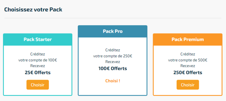 Recevez de 25€ à 250€ de crédits offerts en créditant votre compte pro
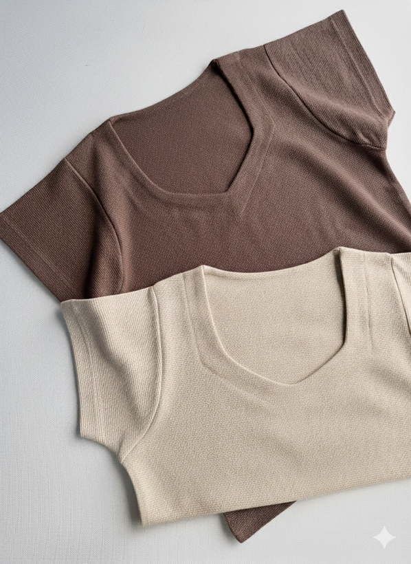تیشرت بیسکویتی آستین کوتاه یقه هفت
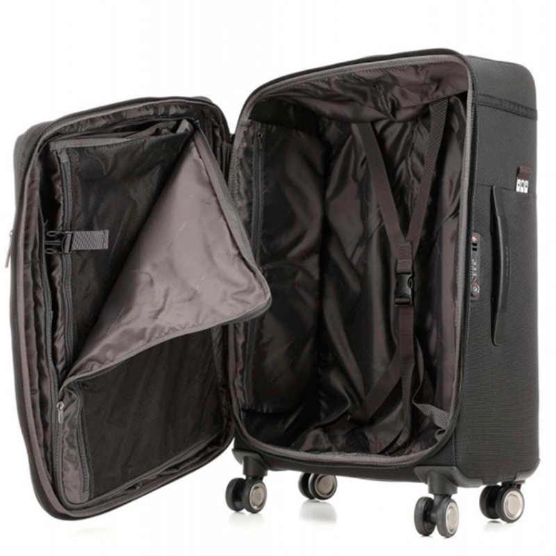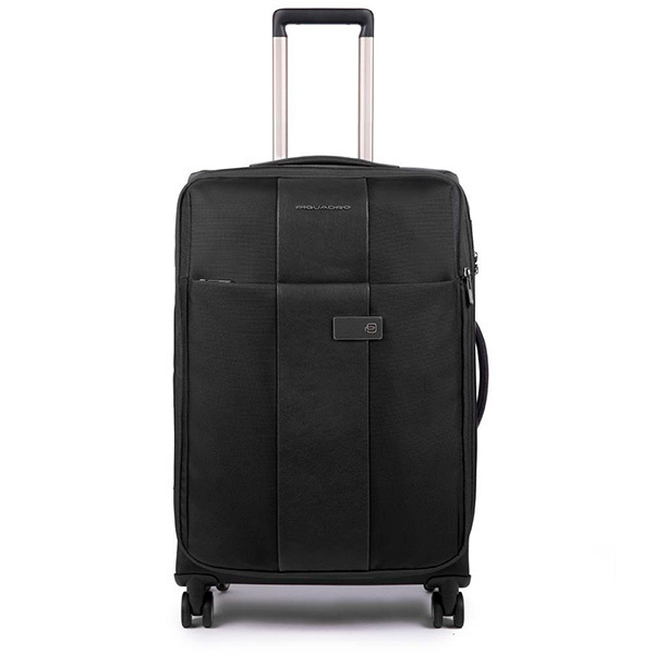 Чемодан из нейлона и кожи на четырех колесах из коллекции Piquadro Brief, средний по размеру. Чемодан имеет одно вместительное отделение с натяжными ремнями, карманом на молнии и отсеком для костюма, обладает несколькими ручками для удобства транспортировки. По периметру предусмотрена молния для увеличения внутреннего объема чемодана. Вес чемодана 4356 гр. Объем: 73 литра.
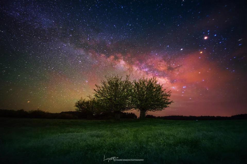 2016年裹着雾的银河与200公里的湿暖。2016 年的仙女山大草原,夜是浸在星河里的。我蹲在草甸上,三脚架支着镜头拍摄银河,紫粉的光带缠在树顶,连风里都裹着星子的凉。后半夜雾从脚底漫上来,湿汽顺着裤管往上爬,相机凉得像浸了水,可取景器里的银河还在淌,就舍不得收。
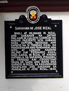 - 1 2 Locsin, Teodoro M. (1996). Rizal. University of Michigan. p. 111. ISBN 971-91399-2-7. OCLC 36884621.
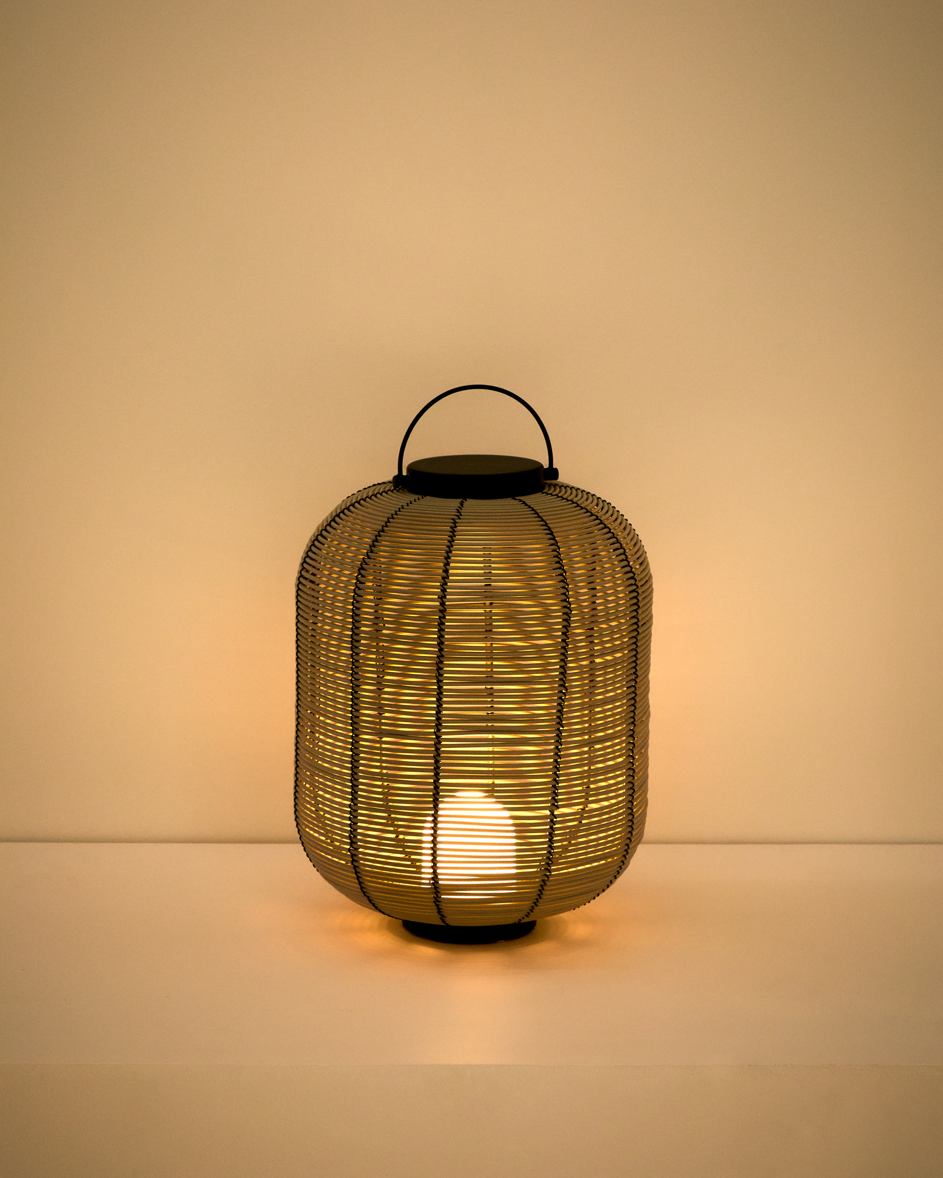 Переносная настольная лампа Saranella изготовлена из синтетического ротанга — прочного материала, воспроизводящего естественное плетение ротанга и обладающего повышенной устойчивостью к воздействию окружающей среды. Она обеспечивает обволакивающее освещение как в помещении, так и на террасах или в саду. Цвет и интенсивность света легко регулируются кнопкой на основании, что позволяет менять освещение одним движением. Конструкция с двумя ручками расширяет возможности использования: лампу можно повесить, легко переместить или установить на поверхности в качестве настольной лампы. Разработанная Карлосом Гихарро эксклюзивно для Kave Home, она сочетает в себе эстетику и функциональность в универсальном изделии. Она совместима с кронштейнами для ламп Nali, что позволяет интегрировать ее в различные пространства.
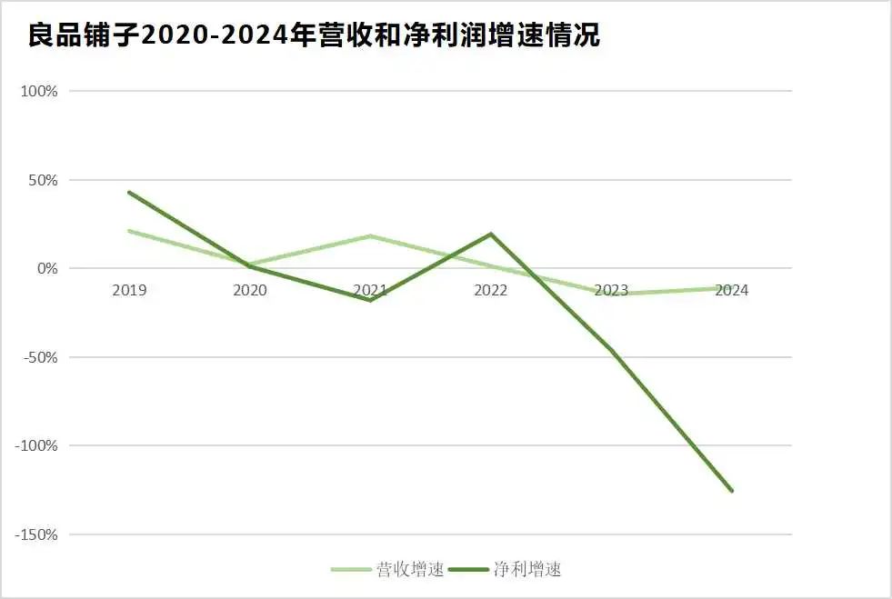 2020年起,公司的财务状况展现出较大的起伏:2020年,良品铺子营收和净利的增速分别由前一年的20.97%与42.68%骤降至2.32%与0.95%,2021年营收增速恢复至18.11%,净利又出现下降,且幅度达到18.06%,2022年,良品铺子的营收增速再次放缓,仅为1.24%,净利却迅速增长,增速达到19.16%;最终,良品铺子的营收和净利在2023、2024两年双双下降,且速度均在两位数。此外,公司主营业务的毛利率也自2021年下降到26.98%后再未超过28%,而这一指标此前常年保持在32%左右。
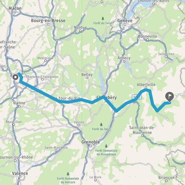 Prendre à droite et rejoindre A43. Continuer sur 19 kilomètres

※ ※ ※

Exercise prompt: Print all of the material exactly. Omit pictures.

Written answer:
 Recevez de 25€ à 250€ de crédits offerts en créditant votre compte pro
تیشرت بیسکویتی آستین کوتاه یقه هفت
 Чемодан из нейлона и кожи на четырех колесах из коллекции Piquadro Brief, средний по размеру. Чемодан имеет одно вместительное отделение с натяжными ремнями, карманом на молнии и отсеком для костюма, обладает несколькими ручками для удобства транспортировки. По периметру предусмотрена молния для увеличения внутреннего объема чемодана. Вес чемодана 4356 гр. Объем: 73 литра.
 2016年裹着雾的银河与200公里的湿暖。2016 年的仙女山大草原,夜是浸在星河里的。我蹲在草甸上,三脚架支着镜头拍摄银河,紫粉的光带缠在树顶,连风里都裹着星子的凉。后半夜雾从脚底漫上来,湿汽顺着裤管往上爬,相机凉得像浸了水,可取景器里的银河还在淌,就舍不得收。
 - 1 2 Locsin, Teodoro M. (1996). Rizal. University of Michigan. p. 111. ISBN 971-91399-2-7. OCLC 36884621.
 Переносная настольная лампа Saranella изготовлена из синтетического ротанга — прочного материала, воспроизводящего естественное плетение ротанга и обладающего повышенной устойчивостью к воздействию окружающей среды. Она обеспечивает обволакивающее освещение как в помещении, так и на террасах или в саду. Цвет и интенсивность света легко регулируются кнопкой на основании, что позволяет менять освещение одним движением. Конструкция с двумя ручками расширяет возможности использования: лампу можно повесить, легко переместить или установить на поверхности в качестве настольной лампы. Разработанная Карлосом Гихарро эксклюзивно для Kave Home, она сочетает в себе эстетику и функциональность в универсальном изделии. Она совместима с кронштейнами для ламп Nali, что позволяет интегрировать ее в различные пространства.
 2020年起,公司的财务状况展现出较大的起伏:2020年,良品铺子营收和净利的增速分别由前一年的20.97%与42.68%骤降至2.32%与0.95%,2021年营收增速恢复至18.11%,净利又出现下降,且幅度达到18.06%,2022年,良品铺子的营收增速再次放缓,仅为1.24%,净利却迅速增长,增速达到19.16%;最终,良品铺子的营收和净利在2023、2024两年双双下降,且速度均在两位数。此外,公司主营业务的毛利率也自2021年下降到26.98%后再未超过28%,而这一指标此前常年保持在32%左右。
 Prendre à droite et rejoindre A43. Continuer sur 19 kilomètres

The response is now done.